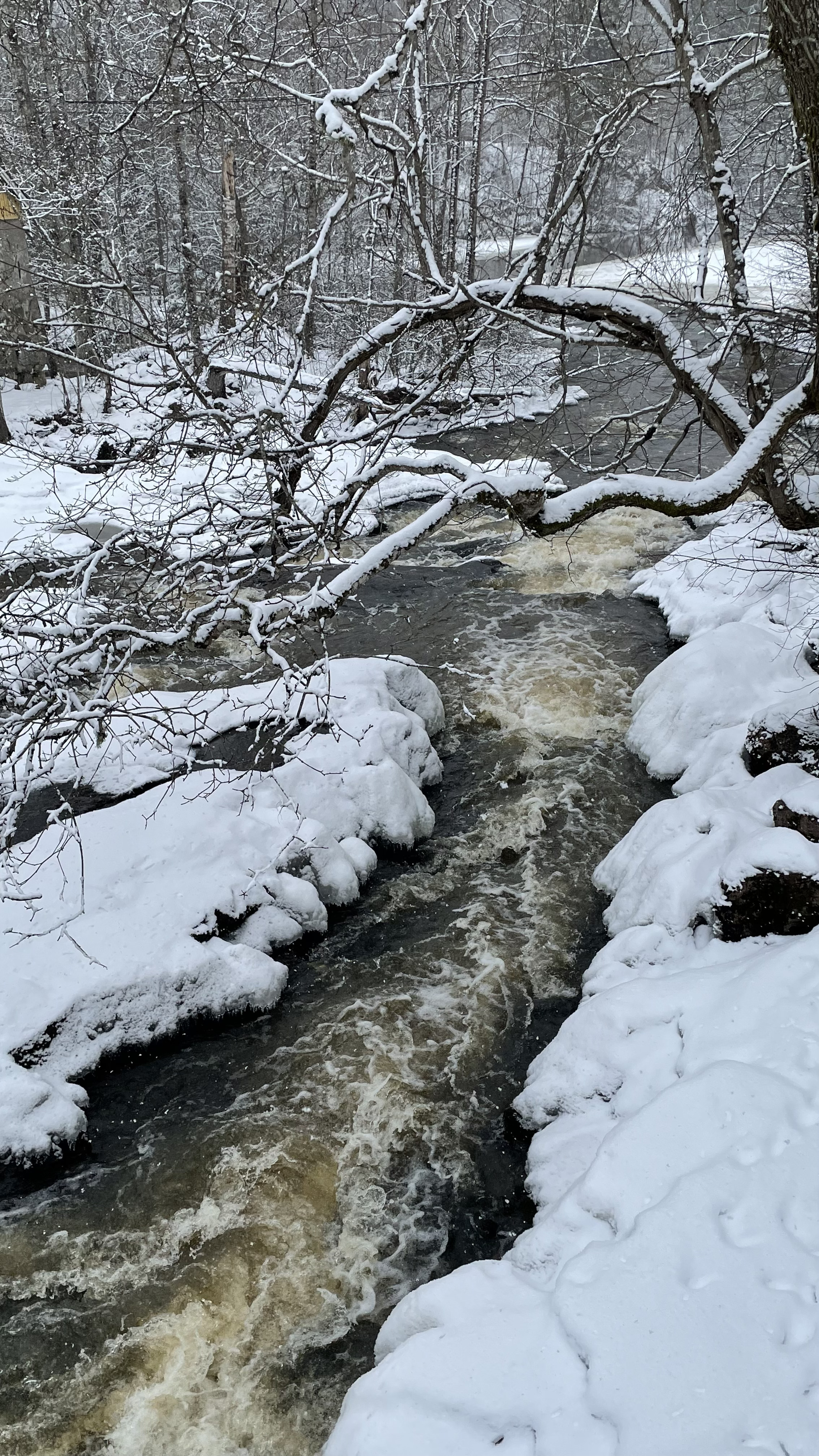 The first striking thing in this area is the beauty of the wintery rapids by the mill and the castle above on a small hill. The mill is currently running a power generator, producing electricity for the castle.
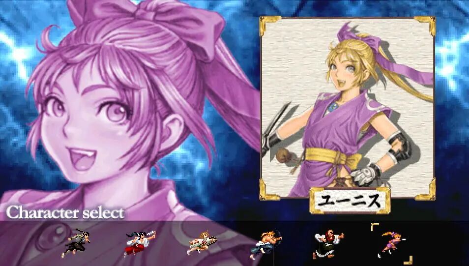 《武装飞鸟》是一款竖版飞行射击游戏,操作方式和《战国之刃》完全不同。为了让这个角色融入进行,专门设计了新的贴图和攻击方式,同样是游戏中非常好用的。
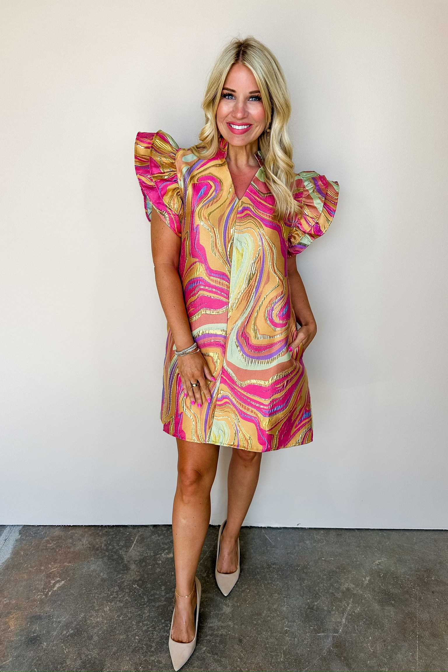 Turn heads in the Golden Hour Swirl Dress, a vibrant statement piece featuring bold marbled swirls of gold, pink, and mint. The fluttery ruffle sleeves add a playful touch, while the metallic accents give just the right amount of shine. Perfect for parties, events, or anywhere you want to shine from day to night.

Instructions to follow -
The answer should match the data above word for word, with no pictures in it.

Answer space -
 The first striking thing in this area is the beauty of the wintery rapids by the mill and the castle above on a small hill. The mill is currently running a power generator, producing electricity for the castle.
 《武装飞鸟》是一款竖版飞行射击游戏,操作方式和《战国之刃》完全不同。为了让这个角色融入进行,专门设计了新的贴图和攻击方式,同样是游戏中非常好用的。
 Turn heads in the Golden Hour Swirl Dress, a vibrant statement piece featuring bold marbled swirls of gold, pink, and mint. The fluttery ruffle sleeves add a playful touch, while the metallic accents give just the right amount of shine. Perfect for parties, events, or anywhere you want to shine from day to night.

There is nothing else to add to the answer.